Among the many changes caused by COVID-19, the pandemic has been an interesting barometer in terms of the scale and effectiveness of support measures by government and central banks.

And recent price action this week illustrates how sensitive markets still are to changes in the stimulus outlook.

Last week provided a good example, when the head honcho of the US central bank, Jerome Powell, said he expected interest rates would stay anchored (at zero) through until 2022.

In one sense, that could be considered relatively dovish guidance, but it wasn’t enough for markets. Powell also noted the US economy faced significant challenges ahead, and sentiment rapidly reversed, culminating in a 5.89 per cent crash for the S&P500 last Thursday.

Then on Monday, the Fed announced it would expand its bond-buying program to include corporate bonds to help maintain market liquidity.

The response from stocks was equally impressive, as the S&P500 reversed course from a 2 per cent drop to finish with a 0.83 per cent gain.

Nigel Green, chief executive at investment firm deVere Group, wrote this week that the extra stimulus is acting as a “backstop” or “floor” for equities.

And highlighting the change in market expectations, Green said the additional support measures were “widely expected”.

“Therefore, investors who have been paying attention have been topping-up their investment portfolios recently, as entry points will inevitably continue to go higher as we move forward,” Green said.


All eyes on the government

ASX stocks rose strongly yesterday on the back of the US lead, but what also provided a catalyst for returns were talks of further government stimulus, along with central bank help.

Specifically, reports indicated that President Trump was considering the launch of an additional $US1 trillion (~$1.4 trillion) infrastructure stimulus plan.

It follows the passage of a $US2 trillion virus-protection bill — the largest piece of approved spending in US history.

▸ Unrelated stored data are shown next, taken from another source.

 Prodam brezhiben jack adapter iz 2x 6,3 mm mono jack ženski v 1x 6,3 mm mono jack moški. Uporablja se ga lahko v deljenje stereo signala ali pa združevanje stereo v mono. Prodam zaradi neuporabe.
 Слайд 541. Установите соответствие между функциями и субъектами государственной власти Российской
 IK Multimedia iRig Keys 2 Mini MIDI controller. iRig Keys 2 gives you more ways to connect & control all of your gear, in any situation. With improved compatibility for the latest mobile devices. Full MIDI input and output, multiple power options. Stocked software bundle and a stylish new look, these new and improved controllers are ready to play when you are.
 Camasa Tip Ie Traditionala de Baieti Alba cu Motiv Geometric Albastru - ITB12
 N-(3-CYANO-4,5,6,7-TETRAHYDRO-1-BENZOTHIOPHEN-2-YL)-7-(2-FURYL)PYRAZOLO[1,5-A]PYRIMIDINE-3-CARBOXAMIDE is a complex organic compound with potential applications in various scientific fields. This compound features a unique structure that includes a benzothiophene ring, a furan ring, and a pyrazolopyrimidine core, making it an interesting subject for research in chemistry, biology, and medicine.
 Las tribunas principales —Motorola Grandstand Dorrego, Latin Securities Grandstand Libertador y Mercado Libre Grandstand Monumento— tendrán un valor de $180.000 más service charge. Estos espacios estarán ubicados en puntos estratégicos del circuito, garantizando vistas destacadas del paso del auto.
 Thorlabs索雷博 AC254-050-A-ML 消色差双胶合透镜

And it raises the question — have governments provided a near-term floor under markets? On the local front, the Morrison government has flagged plans to begin winding back its stimulus measures — led by the ~$70bn JobKeeper program — as the economy opens back up.

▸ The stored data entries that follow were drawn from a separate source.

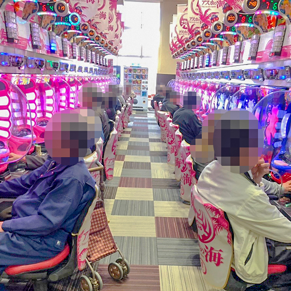 「CR大海物語4」や「CRスーパー海物語IN沖縄4」などの海物語シリーズの盛り上がりも大きい。シマ全体に微笑ましい光景が広がっていた。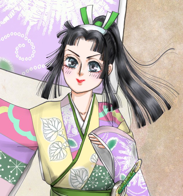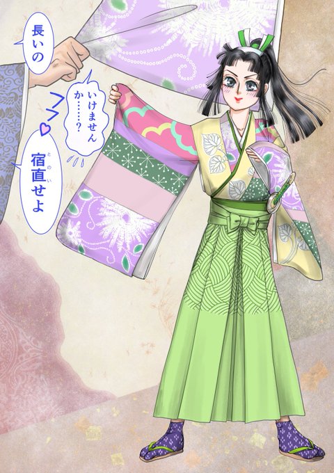 お題は『恋』 髪の毛を掴まれて信長様に「整えよ」『マネは要らん!」と言われて真っ赤になった乱丸くん。続く「おまえを見せよ‼」に着る物の工夫します。着物は片身替わりに女物の布のパッチワーク、袴は最初に母親が用意してくれた物でした。結果は……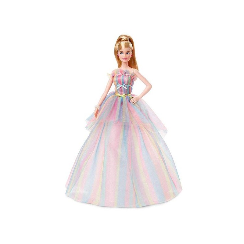 ¡Feliz cumpleaños! Por fin ha llegado su día especial, y la muñeca Barbie® de Birthday Wishes ™ se complace en unirse a su celebración. Esta muñeca coleccionable de Barbie® es dulzura, arcoiris y todo lo que hace que los cumpleaños sean especiales. Ella usa un vestido a rayas de arcoíris con capas brillantes de múltiples niveles y delicados detalles de lazo para cualquier celebración. El paquete incluye espacio para escribir un mensaje personalizado, lo que convierte a la muñeca Barbie® de Birthday Wishes ™ en el regalo perfecto para el día especial de alguien. ¡Sopla tus velas y pide un maravilloso año por venir! Incluye soporte para muñecas y certificado de autenticidad. Sujeto a disponibilidad. Los colores y las decoraciones pueden variar. ¡La muñeca Barbie® de Birthday Wishes ™ se complace en unirse a tu celebración!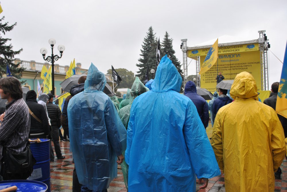 Автомобілі перекрили вулицю Грушевського - від Європейської площі до будинку парламенту. Всі припарковані у три ряди. Власники вимагали відмінити акциз на ввезення авто на іноземній реєстрації, пропонували скасувати норми Євро-5 для старих машин і ввести техогляд для них. Ще одна вимога - припинення переслідувань авто на «євро бляхах» з боку правоохоронців.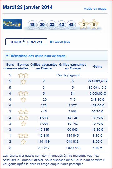 Résultat Tirage Euro Millions du Mardi 28 janvier 28/1/2014
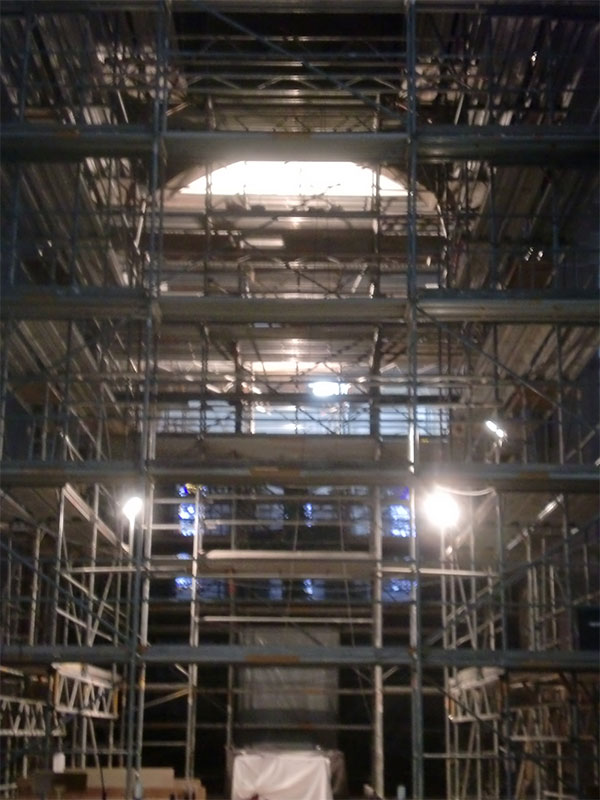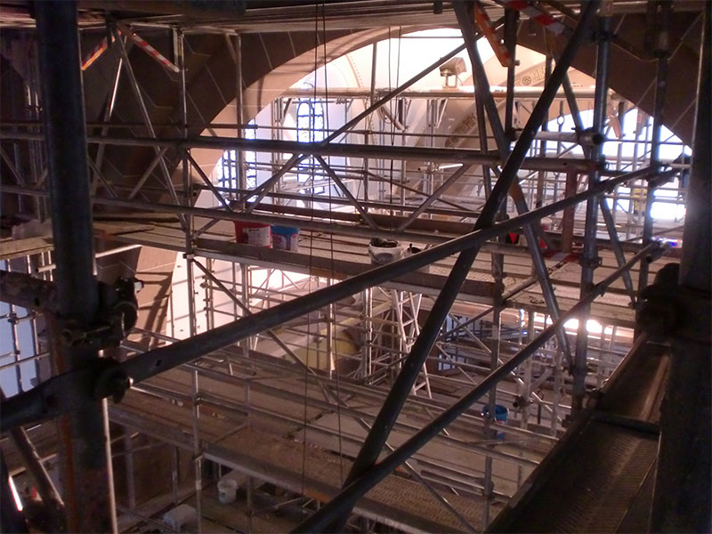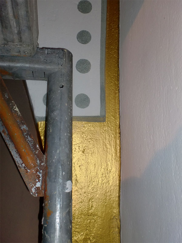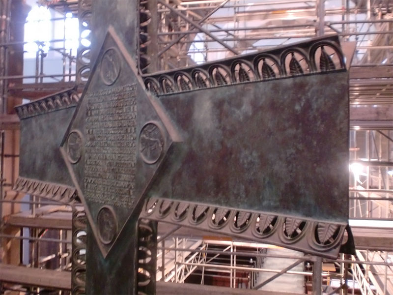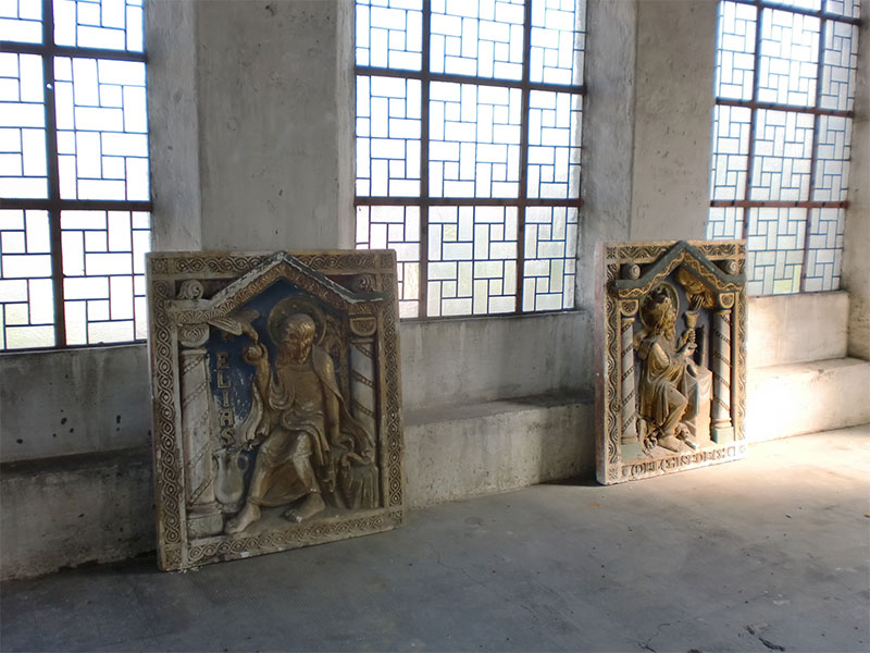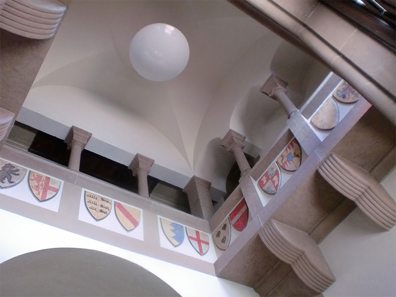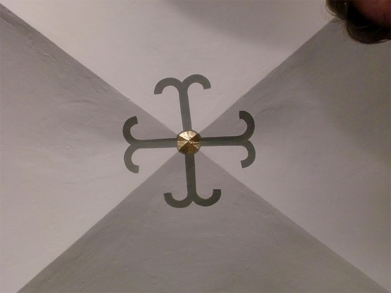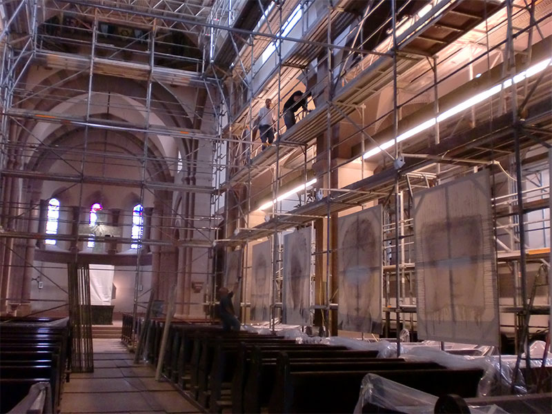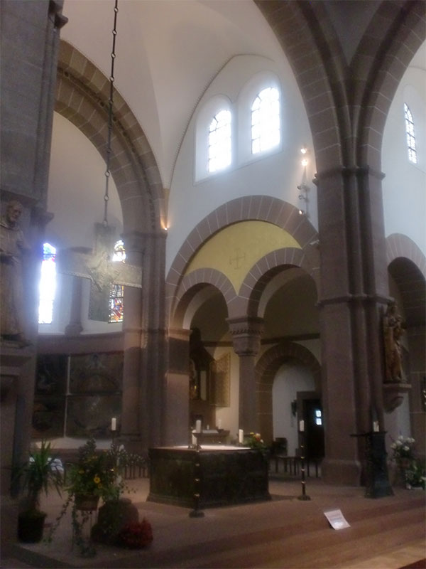 Sanierung der Raumschale der neoromanischen Herz-Jesu-Kirche in Singen. Unsere Planung umfasste nicht nur die Innenarchitektur sondern auch den Vorplatz mit dem Labyrinth. Das Zentrum des Labyrinths bildet ein Ankerkreuz, welches sich im Inneren der Kirche an der Decke und rechts und links des Chores in der Goldfläche wiederholt.

But if there’s further unexpected virus-related problems down the road, investors may need to factor in that the government will again be there to provide support.

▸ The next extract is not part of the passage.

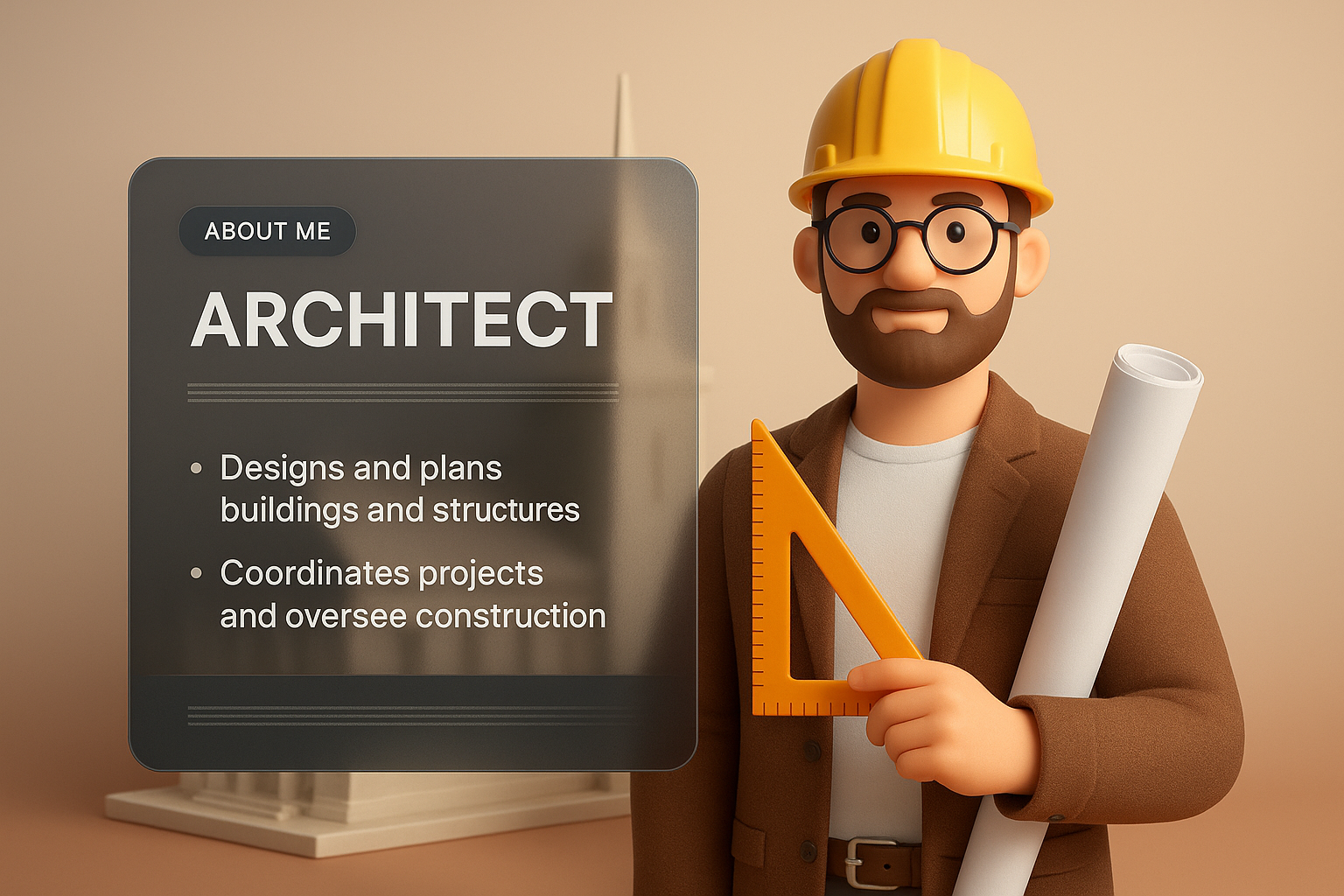 /Collection: /by davooda/Type: PNG/A 3D illustration of an architect holding a ruler and blueprint, accompanied by a stylish dark panel displaying key information about the profession. The background features a smooth gradient.

That variable was neatly articulated by Pengana fund manager Ed Prendergast, in a recent interview with Stockhead.

“If you look at Australia before JobKeeper, it looked like retailers in Australia would go broke, not to mention pubs and gyms,” Prendergast said.

“No one predicted the stimulus that came through and flattened those disastrous economic implications. So you have to make an assessment from here — if things get worse that’s bad but equally, will there be another cheque written to take the edge off that negative impact?”

In his research note this week, deVere’s Green remains bullish on the short-term outlook — largely due to the effect of policy stimulus.

“This will support and likely boost asset prices moving forward,” Green said. “Investors will now be eyeing the opportunities before any fresh or enhanced stimulus packages are announced.”